INPUT DATA
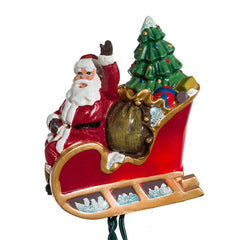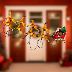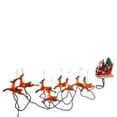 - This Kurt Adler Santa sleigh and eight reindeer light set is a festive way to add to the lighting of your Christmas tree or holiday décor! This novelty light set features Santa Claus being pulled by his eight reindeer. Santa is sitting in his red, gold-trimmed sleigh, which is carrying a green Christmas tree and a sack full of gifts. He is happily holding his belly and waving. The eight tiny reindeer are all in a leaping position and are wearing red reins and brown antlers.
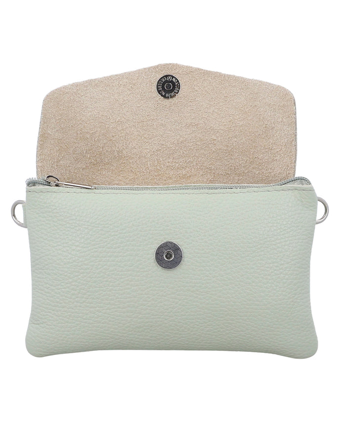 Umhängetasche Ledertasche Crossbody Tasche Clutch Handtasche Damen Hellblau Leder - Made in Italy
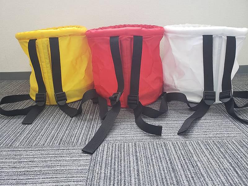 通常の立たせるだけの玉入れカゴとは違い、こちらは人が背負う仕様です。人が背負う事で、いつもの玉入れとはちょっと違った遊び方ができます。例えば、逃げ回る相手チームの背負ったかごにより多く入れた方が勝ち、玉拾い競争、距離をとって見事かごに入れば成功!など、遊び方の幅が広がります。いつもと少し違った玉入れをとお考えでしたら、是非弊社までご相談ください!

EXERCISE AIM
Return all the data exactly, pictures omitted.

SOLUTION BELOW
 - This Kurt Adler Santa sleigh and eight reindeer light set is a festive way to add to the lighting of your Christmas tree or holiday décor! This novelty light set features Santa Claus being pulled by his eight reindeer. Santa is sitting in his red, gold-trimmed sleigh, which is carrying a green Christmas tree and a sack full of gifts. He is happily holding his belly and waving. The eight tiny reindeer are all in a leaping position and are wearing red reins and brown antlers.
 Umhängetasche Ledertasche Crossbody Tasche Clutch Handtasche Damen Hellblau Leder - Made in Italy
 通常の立たせるだけの玉入れカゴとは違い、こちらは人が背負う仕様です。人が背負う事で、いつもの玉入れとはちょっと違った遊び方ができます。例えば、逃げ回る相手チームの背負ったかごにより多く入れた方が勝ち、玉拾い競争、距離をとって見事かごに入れば成功!など、遊び方の幅が広がります。いつもと少し違った玉入れをとお考えでしたら、是非弊社までご相談ください!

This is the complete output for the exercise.